# What needs to be done
In this exercise, the entries below include pictures. Repeat exactly the lines from the line with "Introducing our Swimming" to the line with "Gümüş Pembe Taşlı Kalp Kadın Kolye", including both, but without the pictures.

Supplied material: Begin

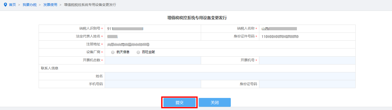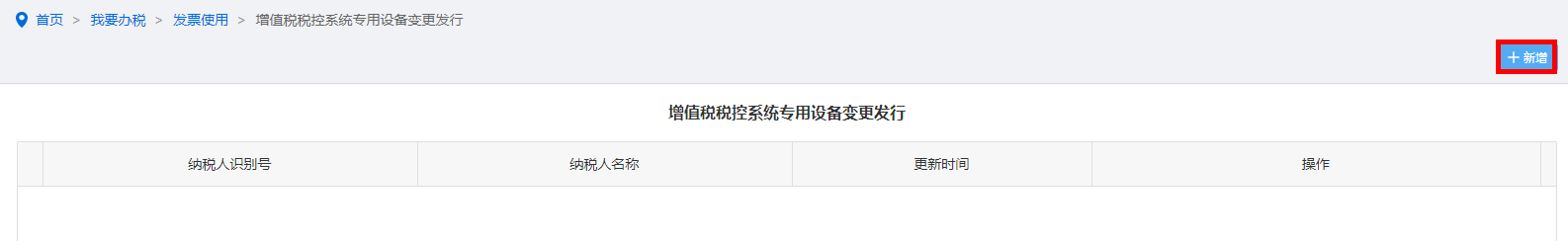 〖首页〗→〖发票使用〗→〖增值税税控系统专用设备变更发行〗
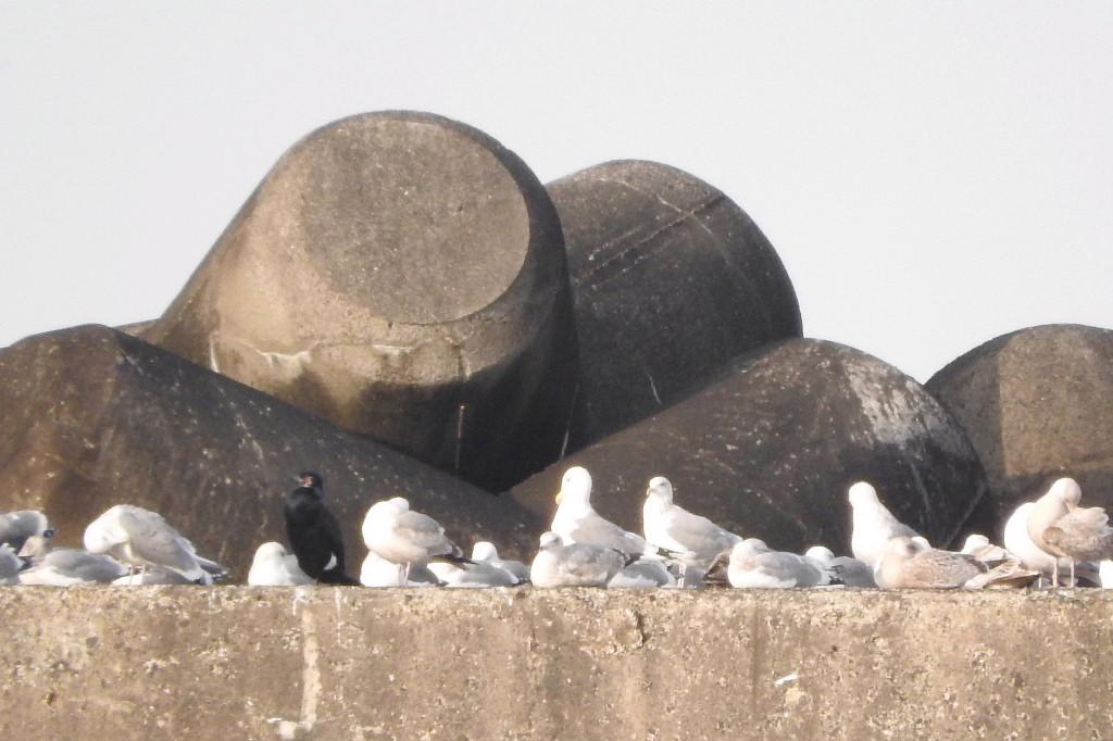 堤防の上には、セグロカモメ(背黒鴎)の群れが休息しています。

Supplied material: End
Supplied material: Begin

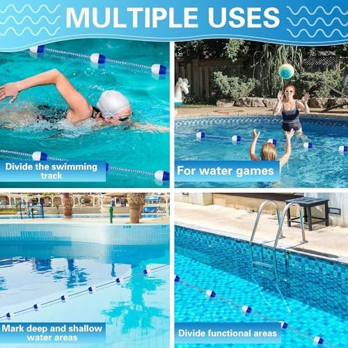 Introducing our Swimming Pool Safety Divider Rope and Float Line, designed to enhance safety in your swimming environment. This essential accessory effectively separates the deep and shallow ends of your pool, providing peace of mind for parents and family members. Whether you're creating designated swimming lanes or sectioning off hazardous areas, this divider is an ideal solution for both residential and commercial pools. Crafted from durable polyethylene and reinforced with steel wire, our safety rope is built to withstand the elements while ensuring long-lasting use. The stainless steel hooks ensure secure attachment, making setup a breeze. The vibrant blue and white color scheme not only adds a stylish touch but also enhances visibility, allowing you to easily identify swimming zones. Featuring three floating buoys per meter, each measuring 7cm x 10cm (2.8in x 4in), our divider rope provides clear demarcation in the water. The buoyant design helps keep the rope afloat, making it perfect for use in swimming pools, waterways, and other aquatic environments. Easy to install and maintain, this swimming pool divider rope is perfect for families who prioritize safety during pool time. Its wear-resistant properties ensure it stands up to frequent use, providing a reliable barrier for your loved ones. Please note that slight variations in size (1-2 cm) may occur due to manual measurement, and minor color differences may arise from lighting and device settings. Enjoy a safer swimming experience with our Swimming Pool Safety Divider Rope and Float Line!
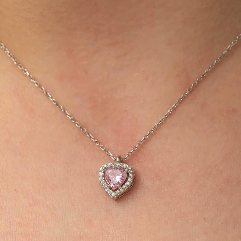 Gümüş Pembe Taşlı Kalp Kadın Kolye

Supplied material: End

# Task output
 Introducing our Swimming Pool Safety Divider Rope and Float Line, designed to enhance safety in your swimming environment. This essential accessory effectively separates the deep and shallow ends of your pool, providing peace of mind for parents and family members. Whether you're creating designated swimming lanes or sectioning off hazardous areas, this divider is an ideal solution for both residential and commercial pools. Crafted from durable polyethylene and reinforced with steel wire, our safety rope is built to withstand the elements while ensuring long-lasting use. The stainless steel hooks ensure secure attachment, making setup a breeze. The vibrant blue and white color scheme not only adds a stylish touch but also enhances visibility, allowing you to easily identify swimming zones. Featuring three floating buoys per meter, each measuring 7cm x 10cm (2.8in x 4in), our divider rope provides clear demarcation in the water. The buoyant design helps keep the rope afloat, making it perfect for use in swimming pools, waterways, and other aquatic environments. Easy to install and maintain, this swimming pool divider rope is perfect for families who prioritize safety during pool time. Its wear-resistant properties ensure it stands up to frequent use, providing a reliable barrier for your loved ones. Please note that slight variations in size (1-2 cm) may occur due to manual measurement, and minor color differences may arise from lighting and device settings. Enjoy a safer swimming experience with our Swimming Pool Safety Divider Rope and Float Line!
 Gümüş Pembe Taşlı Kalp Kadın Kolye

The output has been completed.